> WHAT THE EXERCISE ASKS: Without the pictures, restate all of the data below word for word.

> DATA SECTION:
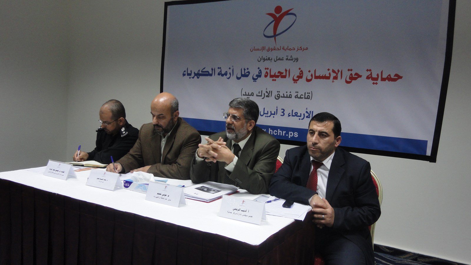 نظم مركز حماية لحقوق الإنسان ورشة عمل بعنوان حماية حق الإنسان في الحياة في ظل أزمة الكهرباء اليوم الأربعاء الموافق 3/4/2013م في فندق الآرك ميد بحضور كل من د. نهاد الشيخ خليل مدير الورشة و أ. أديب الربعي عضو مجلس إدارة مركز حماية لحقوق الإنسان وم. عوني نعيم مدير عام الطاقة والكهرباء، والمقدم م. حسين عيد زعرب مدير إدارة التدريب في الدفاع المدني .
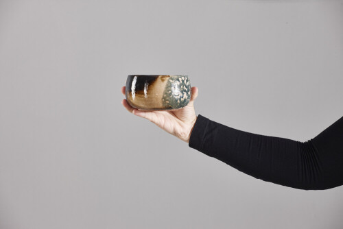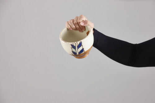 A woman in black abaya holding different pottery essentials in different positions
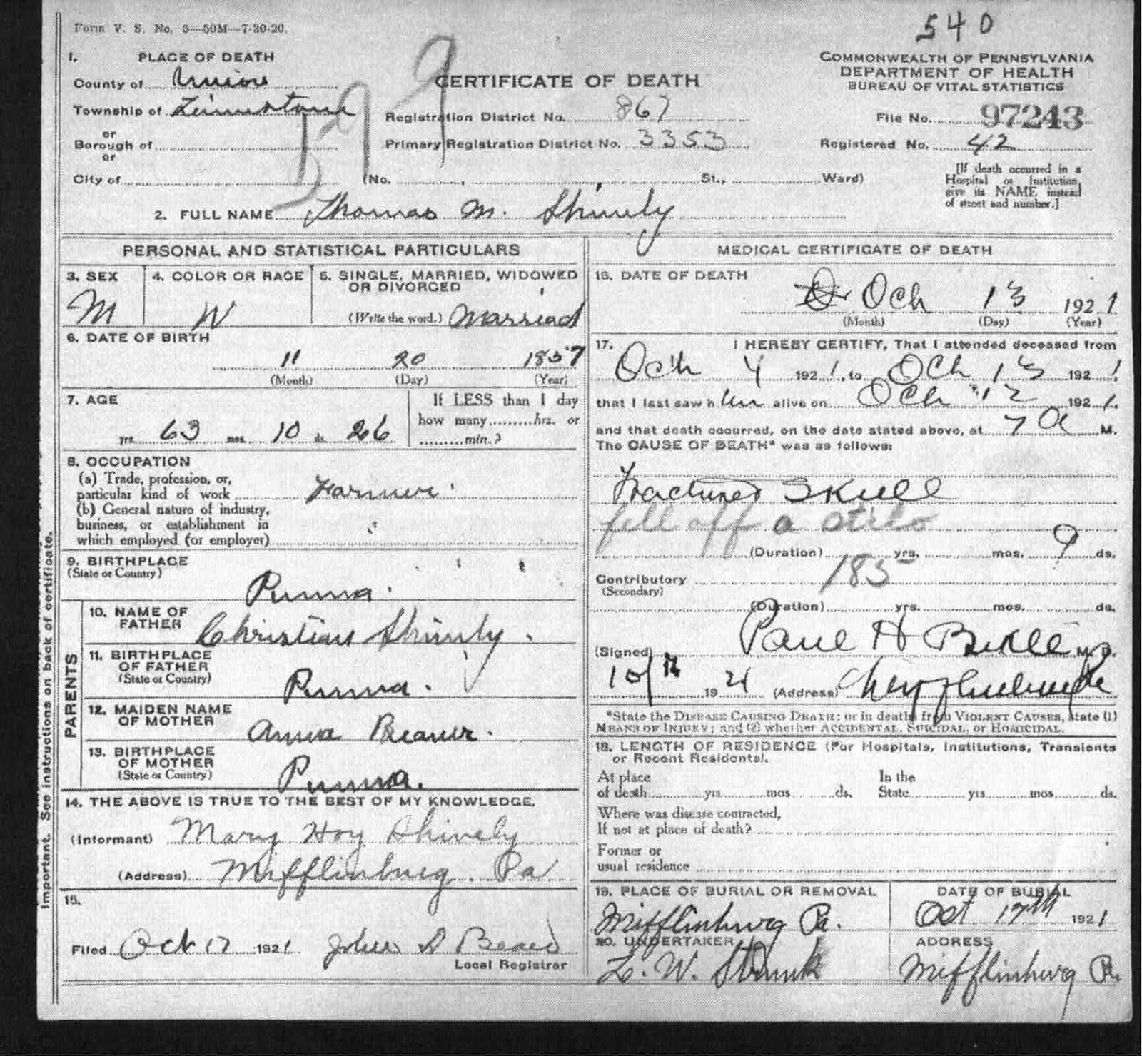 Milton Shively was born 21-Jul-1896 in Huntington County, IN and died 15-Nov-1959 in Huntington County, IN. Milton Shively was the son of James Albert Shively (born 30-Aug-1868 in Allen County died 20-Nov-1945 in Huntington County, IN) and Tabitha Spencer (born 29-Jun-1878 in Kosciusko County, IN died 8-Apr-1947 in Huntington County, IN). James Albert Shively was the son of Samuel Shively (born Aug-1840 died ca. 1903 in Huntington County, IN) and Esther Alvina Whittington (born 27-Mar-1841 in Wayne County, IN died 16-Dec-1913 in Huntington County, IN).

> RESPONSE AREA:
 نظم مركز حماية لحقوق الإنسان ورشة عمل بعنوان حماية حق الإنسان في الحياة في ظل أزمة الكهرباء اليوم الأربعاء الموافق 3/4/2013م في فندق الآرك ميد بحضور كل من د. نهاد الشيخ خليل مدير الورشة و أ. أديب الربعي عضو مجلس إدارة مركز حماية لحقوق الإنسان وم. عوني نعيم مدير عام الطاقة والكهرباء، والمقدم م. حسين عيد زعرب مدير إدارة التدريب في الدفاع المدني .
 A woman in black abaya holding different pottery essentials in different positions
 Milton Shively was born 21-Jul-1896 in Huntington County, IN and died 15-Nov-1959 in Huntington County, IN. Milton Shively was the son of James Albert Shively (born 30-Aug-1868 in Allen County died 20-Nov-1945 in Huntington County, IN) and Tabitha Spencer (born 29-Jun-1878 in Kosciusko County, IN died 8-Apr-1947 in Huntington County, IN). James Albert Shively was the son of Samuel Shively (born Aug-1840 died ca. 1903 in Huntington County, IN) and Esther Alvina Whittington (born 27-Mar-1841 in Wayne County, IN died 16-Dec-1913 in Huntington County, IN).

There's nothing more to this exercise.